The road from Santa Barbara to Ojai runs through arid hills; if not for the big cars and shaggy American flavor of the roadside, one might mistake it for some Mediterranean locale. After climbing 750 feet above the sea, one enters the Ojai valley, fifteen miles inland, where orange groves and winding neighborhoods fill the hillsides. 

The weather in Ojai is so perfect that even the books live outside. I mean that seriously. Bart’s Books is an open-air bookshop in downtown Ojai. I bought a bag of books at Bart’s. In my travels across America, I have a bad habit of buying too many books, but the truth is that I packed light for this particular trip and had room. And the light peeking through the bookshelves told me that I had to buy at least a few. In Ojai there are fine establishments selling sourdough and $8 ice-cream scoops (I had Ojai orange, if you’re wondering). 
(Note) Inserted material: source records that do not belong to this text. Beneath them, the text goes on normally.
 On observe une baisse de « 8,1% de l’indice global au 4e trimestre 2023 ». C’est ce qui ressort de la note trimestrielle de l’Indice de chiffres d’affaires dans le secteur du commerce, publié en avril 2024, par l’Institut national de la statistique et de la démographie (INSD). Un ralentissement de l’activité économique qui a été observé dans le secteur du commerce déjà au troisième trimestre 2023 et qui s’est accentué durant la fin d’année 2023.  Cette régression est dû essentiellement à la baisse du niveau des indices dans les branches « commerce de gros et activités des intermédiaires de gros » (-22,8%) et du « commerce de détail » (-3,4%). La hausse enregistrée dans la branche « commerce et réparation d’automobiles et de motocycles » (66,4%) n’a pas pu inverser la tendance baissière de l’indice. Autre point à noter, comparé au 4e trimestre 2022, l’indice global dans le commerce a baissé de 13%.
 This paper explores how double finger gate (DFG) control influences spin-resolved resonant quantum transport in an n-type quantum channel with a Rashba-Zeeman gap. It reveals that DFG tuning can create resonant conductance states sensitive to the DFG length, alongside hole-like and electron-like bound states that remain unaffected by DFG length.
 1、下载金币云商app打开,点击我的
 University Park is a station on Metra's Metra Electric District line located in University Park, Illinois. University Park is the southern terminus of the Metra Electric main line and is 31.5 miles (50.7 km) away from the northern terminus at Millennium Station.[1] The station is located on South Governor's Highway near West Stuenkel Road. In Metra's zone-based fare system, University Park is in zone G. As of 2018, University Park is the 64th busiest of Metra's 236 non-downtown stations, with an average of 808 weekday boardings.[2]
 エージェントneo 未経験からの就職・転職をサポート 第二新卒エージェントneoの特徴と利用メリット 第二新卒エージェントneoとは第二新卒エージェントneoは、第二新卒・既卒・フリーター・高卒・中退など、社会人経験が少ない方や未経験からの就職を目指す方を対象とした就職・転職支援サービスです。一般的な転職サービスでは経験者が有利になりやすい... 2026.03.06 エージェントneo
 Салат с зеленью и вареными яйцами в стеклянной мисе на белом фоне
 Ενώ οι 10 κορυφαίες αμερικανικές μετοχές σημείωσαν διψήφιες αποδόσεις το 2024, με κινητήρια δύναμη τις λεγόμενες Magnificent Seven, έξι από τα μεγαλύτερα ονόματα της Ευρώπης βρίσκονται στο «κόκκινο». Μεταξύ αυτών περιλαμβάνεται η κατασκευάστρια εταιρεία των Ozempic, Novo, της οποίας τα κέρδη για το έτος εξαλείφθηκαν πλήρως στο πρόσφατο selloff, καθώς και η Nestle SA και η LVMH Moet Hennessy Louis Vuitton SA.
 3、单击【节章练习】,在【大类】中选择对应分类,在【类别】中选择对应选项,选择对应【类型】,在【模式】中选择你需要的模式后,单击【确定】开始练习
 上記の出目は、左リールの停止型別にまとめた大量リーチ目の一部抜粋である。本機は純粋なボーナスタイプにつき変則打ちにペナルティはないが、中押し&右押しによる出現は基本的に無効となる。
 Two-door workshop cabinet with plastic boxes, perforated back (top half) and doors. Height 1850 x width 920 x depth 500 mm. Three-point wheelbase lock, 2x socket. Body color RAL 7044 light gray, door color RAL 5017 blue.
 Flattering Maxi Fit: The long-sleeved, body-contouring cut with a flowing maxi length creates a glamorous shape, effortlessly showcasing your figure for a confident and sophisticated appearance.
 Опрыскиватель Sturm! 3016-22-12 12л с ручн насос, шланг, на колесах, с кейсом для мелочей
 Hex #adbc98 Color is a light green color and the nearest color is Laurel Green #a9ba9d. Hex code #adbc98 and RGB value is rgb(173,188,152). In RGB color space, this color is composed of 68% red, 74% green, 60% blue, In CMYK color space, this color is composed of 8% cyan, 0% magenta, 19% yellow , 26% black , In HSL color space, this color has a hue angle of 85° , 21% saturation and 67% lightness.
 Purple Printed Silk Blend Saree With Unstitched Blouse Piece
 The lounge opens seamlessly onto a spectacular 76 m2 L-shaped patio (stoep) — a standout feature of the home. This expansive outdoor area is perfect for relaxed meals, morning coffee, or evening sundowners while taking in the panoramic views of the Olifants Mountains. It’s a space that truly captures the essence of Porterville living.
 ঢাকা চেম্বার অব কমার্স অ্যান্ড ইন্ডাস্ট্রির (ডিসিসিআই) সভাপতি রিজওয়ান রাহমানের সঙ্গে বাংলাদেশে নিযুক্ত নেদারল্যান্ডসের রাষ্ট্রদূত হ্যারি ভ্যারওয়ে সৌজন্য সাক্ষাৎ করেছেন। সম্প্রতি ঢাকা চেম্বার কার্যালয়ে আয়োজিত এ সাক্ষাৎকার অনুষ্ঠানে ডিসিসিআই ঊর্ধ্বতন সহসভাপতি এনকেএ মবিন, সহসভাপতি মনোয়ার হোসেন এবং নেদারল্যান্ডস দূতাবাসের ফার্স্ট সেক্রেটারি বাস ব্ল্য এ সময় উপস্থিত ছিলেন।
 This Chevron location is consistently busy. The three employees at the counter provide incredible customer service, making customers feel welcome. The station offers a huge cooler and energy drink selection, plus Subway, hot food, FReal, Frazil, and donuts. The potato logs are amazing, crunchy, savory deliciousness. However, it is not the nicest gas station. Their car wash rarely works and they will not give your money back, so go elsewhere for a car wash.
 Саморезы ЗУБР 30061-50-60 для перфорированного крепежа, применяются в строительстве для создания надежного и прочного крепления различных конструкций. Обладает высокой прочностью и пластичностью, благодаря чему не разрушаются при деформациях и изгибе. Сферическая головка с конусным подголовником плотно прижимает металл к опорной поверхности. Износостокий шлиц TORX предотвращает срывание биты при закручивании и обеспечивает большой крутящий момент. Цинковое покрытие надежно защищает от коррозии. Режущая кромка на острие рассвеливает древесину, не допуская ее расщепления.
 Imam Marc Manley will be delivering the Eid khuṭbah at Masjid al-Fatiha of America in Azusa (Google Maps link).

From Ojai, it was time for me to return to San Francisco. So, on Sunday afternoon, we drove back to the Santa Barbara airport for my flight back to San Francisco. Its white walls were blinding under the California sun, like the great pyramids must have been thousands of years ago, before losing their limestone. Maybe someday, this too will be a ruin, but not yet. More or less everybody flying from Santa Barbara to San Francisco is “rich” by global and even American standards. 

Houses in Santa Barbara cost millions of dollars. Rent isn’t cheap. But in California, only a few are rich compared to everyone else in California. And here was a large group of “not rich enough,” watching private jets through the window, about to suffer the indignity of cramming onto a 737 for a 38-minute, $500 flight back to San Francisco, where work awaits. That, in a scene, is California.

I want to leave you with an image from my first evening in Santa Barbara, walking down toward the ocean and out onto the pier of Stearns Wharf. As I walked, the scents on the wind changed. First, salt and brine, then marijuana (which is unavoidable in California these days) and back to salt and brine. Every few minutes, car tires rolling over wooden slats interrupted the quiet. I made it out to the end of the pier, where couples spoke quietly, and gaggles of teenagers spoke loudly. 

I sat with my thoughts for a few moments. And then it was time to head back. Where the pier meets the coast, I began to hear the sounds of the still-alive streets — the wine pouring, the guitars ringing. Behind me were the oil rigs, sentinels on the dark sea; and ahead of me, the pale lights of houses on a far hill above the coast.